Each year, LinkedIn analyses profiles of members to identify the most-overused terms. The conclusion? If you describe yourself as a responsible passionate expert committed to effective and creative strategy, you are officially so generic as to be unemployable.
Rejection picture from Shutterstock/Paul McKinnon
Here’s the full list of terms to avoid in resumes, profiles and anywhere else you’re trying to advance your career, based on Australian profiles:
- Responsible
- Strategic
- Effective
- Creative
- Innovative
- Expert
- Positive
- Passionate
- Driven
- Dynamic
As ever, the key lesson is to be specific. Don’t just call yourself “effective”: quantify and explain exactly what you did.
LinkedIn [via Business Insider]
Comments
7 responses to “Top 10 Overused Words To Delete From Your Resume”
I agree. I mean, if you want to appear creative and innovative, it is important to stand out from the crowd.
Taking a responsible and strategic approach to the words in your resume can positively drive home your dynamic passion. I can definitely see this being an effective way to communicate your skills.
And I would know. I’m an expert.
Just for the record, these articles seem so dumb. Making anyone think their success or failure seemingly hinges on whether they have a long or short name, or use certain fairly common (even in general usage) words from a document, with no context at all..
It’s lowest common denominator stuff, and even then, in my opinion pretty bad blanket advice.
.. ofcourse that’s assuming anyone actually reads this stuff and takes it to heart.
With resumes automatically turned into word-soup by agencies and HR departments of large companies, then unless Lifehacker has insight into their algorithms, any of this advice is suspect.
I work in web development where creative design, dynamically generated websites, and strategic results-driven content are part of the industry.
The use of these words OUT OF CONTEXT is a bad thing, but if they describe what you do, because that’s what the industry is about, then they are fine.
Should I remove Time’s Person of the Year: 2006 from my resume?
I agree with Michael and Jason. These words can be fine in a CV, as long as they have appropriate context.
Or you could do what many bloggers/writers do. Use a thesaurus. How many times has a blogger/writer used a less common term like vernacular? I’d be rich if I had a dollar for every time i’d seen an uncommon word used to enhance the credibility factor of an article, especially when it adds little value.

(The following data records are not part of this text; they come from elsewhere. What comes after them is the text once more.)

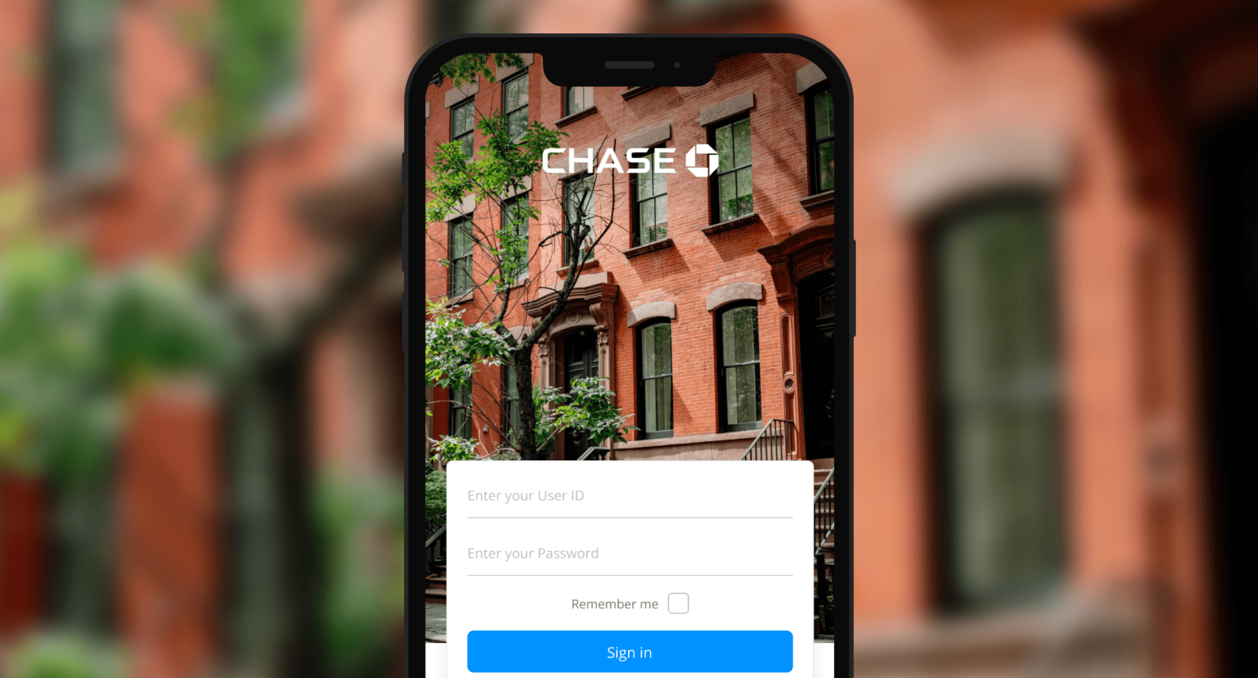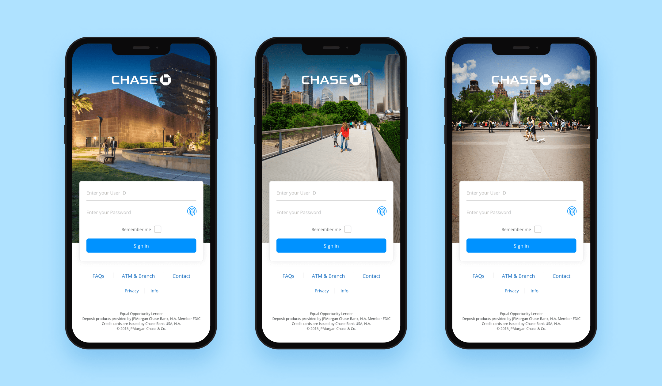 The Chase Mobile® app sign-in screen showcases distinctive metropolitan geolocated photography, providing users with a unique and relatable visual experience.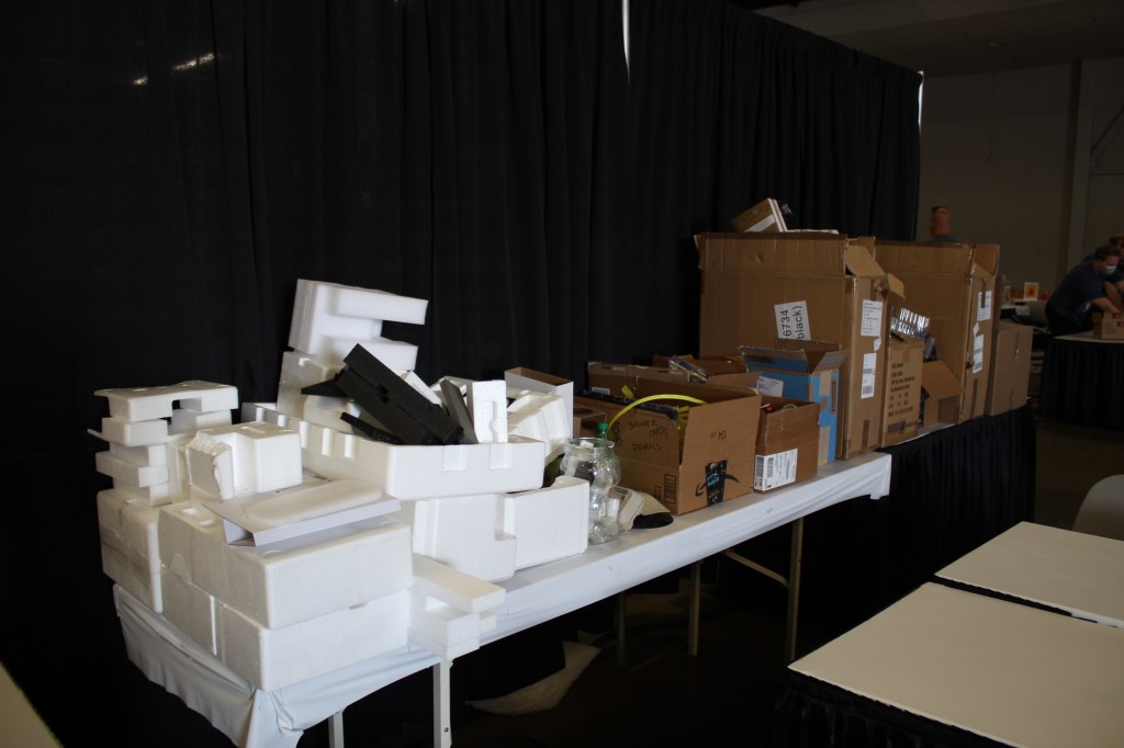 Most every part of the build used upcyled and discarded items like bottle caps, boxes we salvaged at the show, packing inserts and more.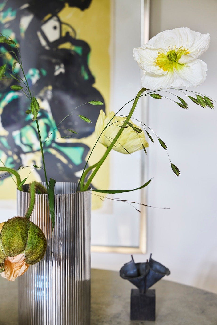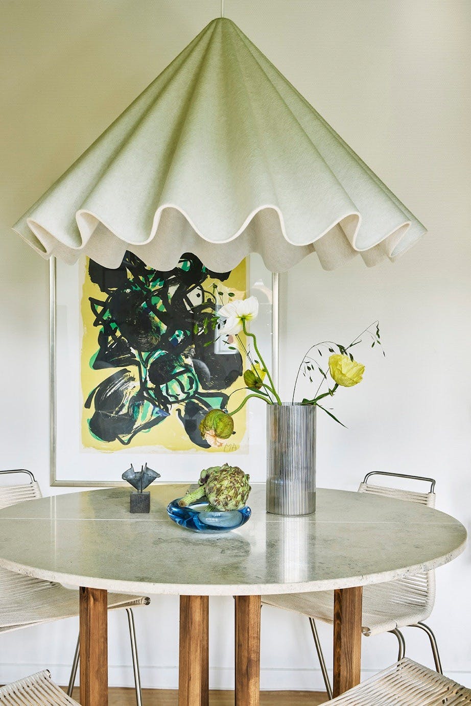 På veggen henger en Asger Jorn-litografi og en antikk, nederlandsk skål. Bordet er Poul Kjærholms PK 61, skålen er fra Georg Jensen og bordlampen fra Hay, mens vasen er Tage Andersens foldevase.
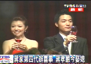 事實(shí)上,小兩口已經(jīng)在美國(guó)登記結(jié)婚,不過(guò)臺(tái)灣禮俗不可免,蔣孝嚴(yán)夫婦一大早就前往宜蘭迎娶新娘,兒子才是主角,當(dāng)老爸的不敢太高調(diào)。而邀請(qǐng)誰(shuí)來(lái)參加婚宴呢?蔣孝嚴(yán)傷透腦筋。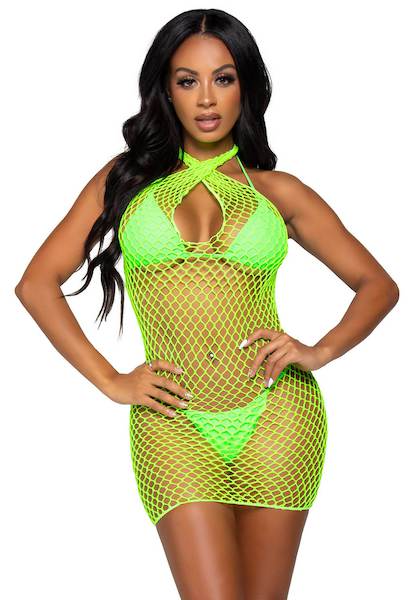 Scharfes neongrünes Netzkleid aus dehnfähigem Material.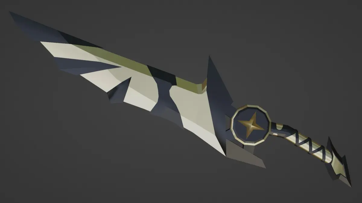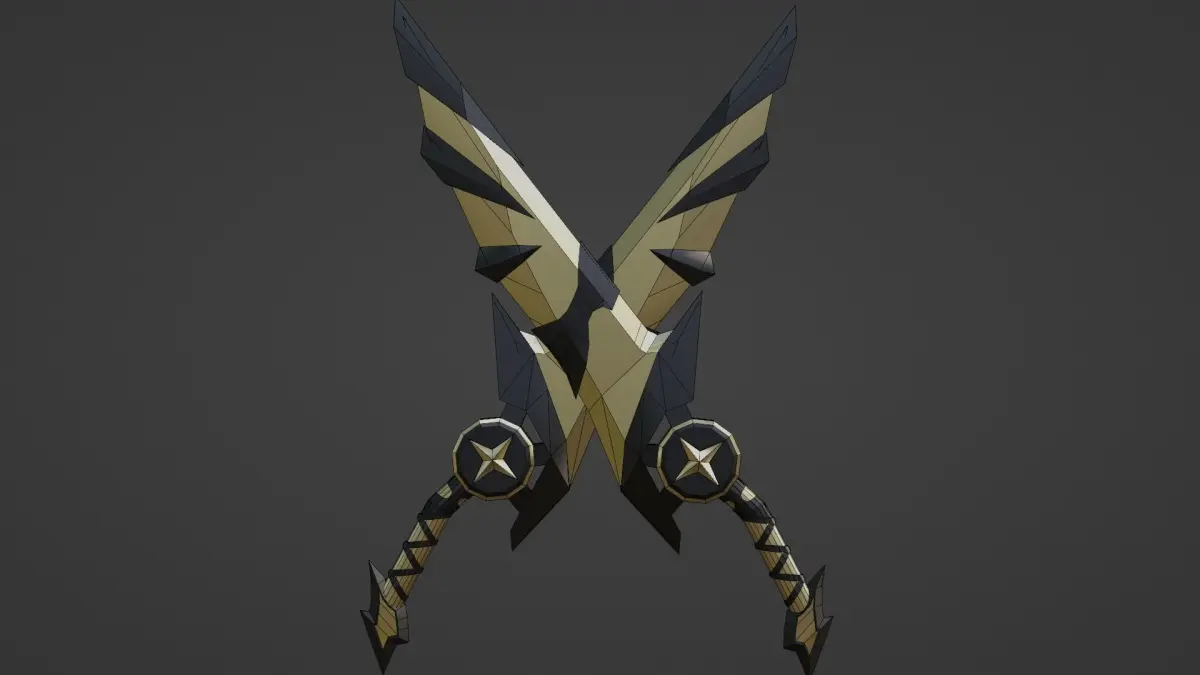 stylized golden double daggers encrusted with black crystals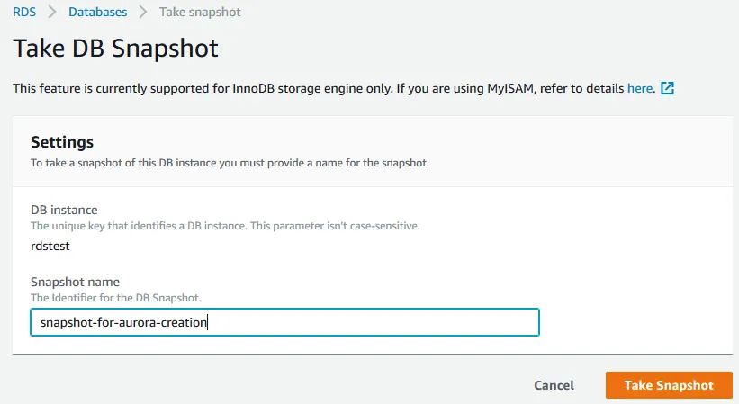 如果客户正在使用 Amazon MySQL RDS,并且没有足够的停机时间来通过 snapshot 的方式进行迁移的话,那么可以通过为 MySQL RDS 创建 Aurora 读副本的方式进行迁移。具体操作过程如下: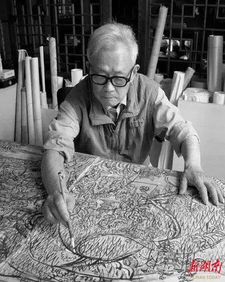 “父亲在哪里都能画。”周容领着大家看向一张老照片。照片上,正值1994年,周令钊在岳阳一处临时住所里,创作石刻壁画《沅江水暖》《澧水花繁》,画案只是一张窄窄的桌子。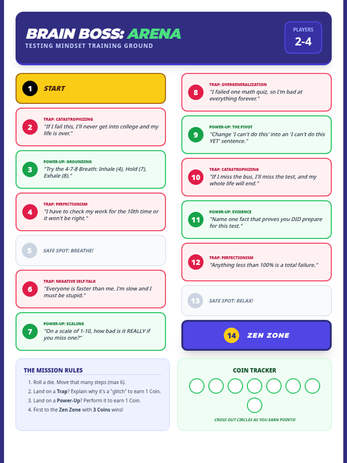 A vibrant, arcade-themed board game for middle school students to practice identifying and overcoming test-related thinking patterns like perfectionism and catastrophizing.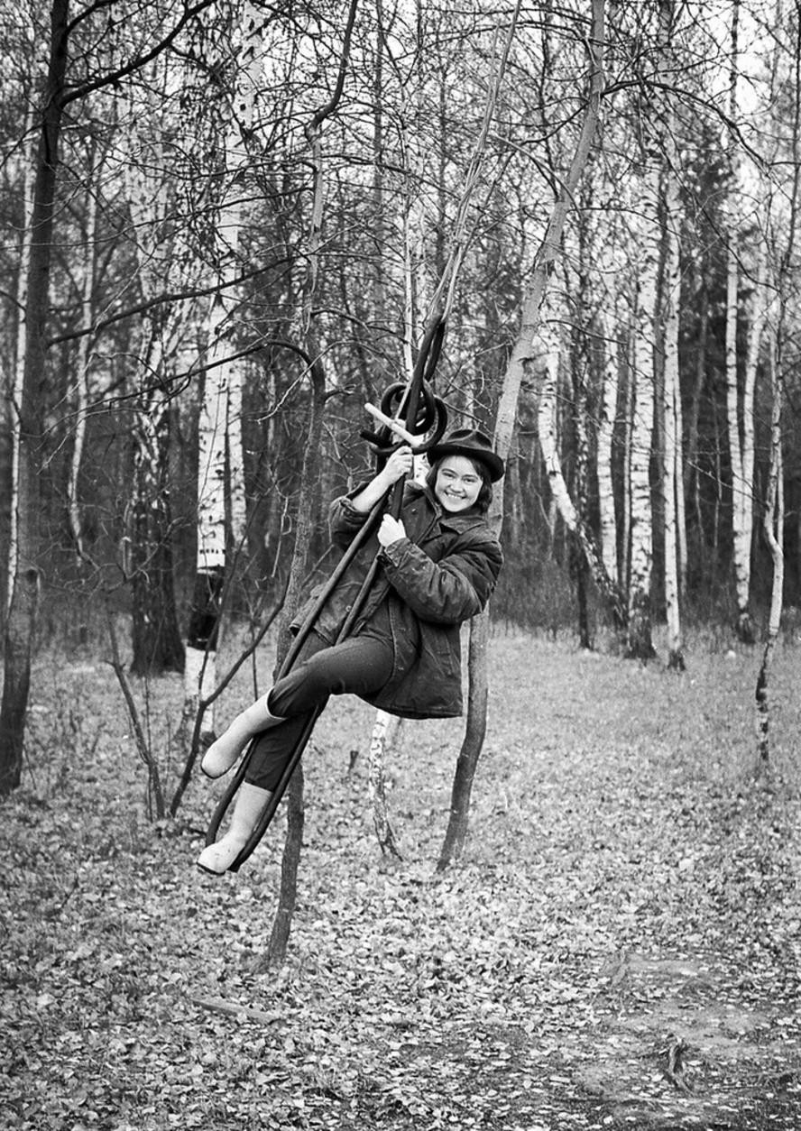 На тарзанке. Станция «41 км», окраина города Троицк. Октябрь 1979 года. Автор: Сергей Сухарев. Московская область.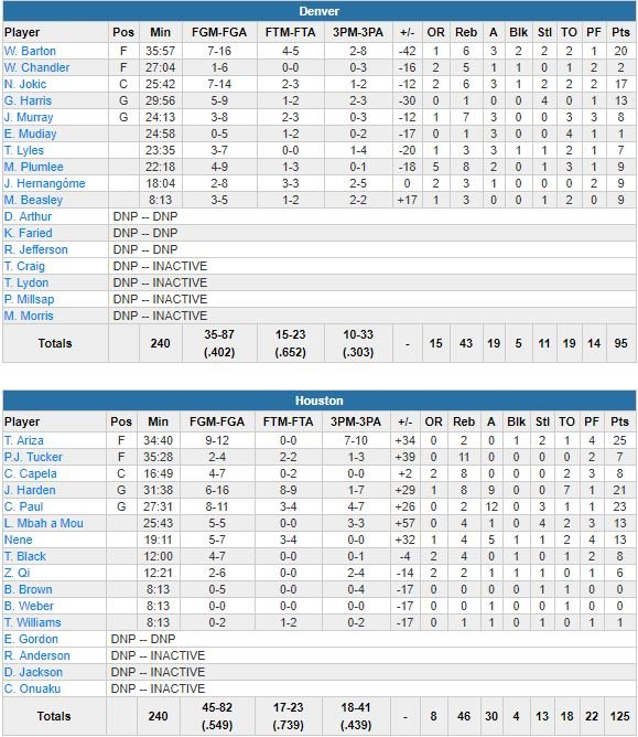 Houston, devant 75-40 à la mi-temps (plus gros écart de la saison en faveur des Rockets après deux quarts-temps), n’a jamais été inquiété dans ce match. Pour son 2ème match sans Paul Millsap (opération du poignet), les Nuggets se sont fait une belle frayeur lors d’une chute de Nikola Jokic (17 points à 6/14, 6 rebonds, 3 passes) en milieu de 2ème quart-temps. Le Serbe a néanmoins heureusement fait son retour au jeu en fin de période. Will Barton termine meilleur marqueur des perdants avec 20 points, Gary Harris signe lui 13 points. Wilson Chandler, absent lors de la victoire à Sacramento lundi en raison de douleurs au dos, était de retour en tant que remplaçant de Millsap dans le 5 mais termine à 2 points à 1/6 et 5 rebonds. Côté Rockets, P.J. Tucker a starté à la place d’Anderson pour 7 points à 2/4 et 11 rebonds et Luc Mbah a Moute a signé 13 points derrière Paul. Le Camerounais a signé le meilleur plus/minus de ces 20 dernières saisons (playoffs inlcus) : +57 (Houston a « outscoré » Denver de 57 points lorsqu’il était sur le terrain).
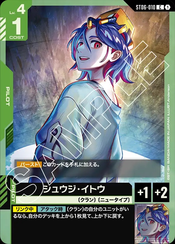 Lv. 4 COST 1 顏色 Green 卡牌類型 PILOT 【爆發】此卡牌加入手牌。 【共鳴中】【攻擊時】若我方戰鬥區存在〈戰團〉的機體,確認我方卡組最上方的1張卡牌,將其放回到卡組最上方或最下方。

I think the problem is that everyone writes down things like ‘responsible’ so they really become meaningless.
There seems little point writing down anything that is just a general positive rather than a specific personal attribute or achievement, the problem is that resume keyword scanning means that you have to hit all the buzz words.
This article would be more useful if it road-mapped you an alternative strategy moving forward.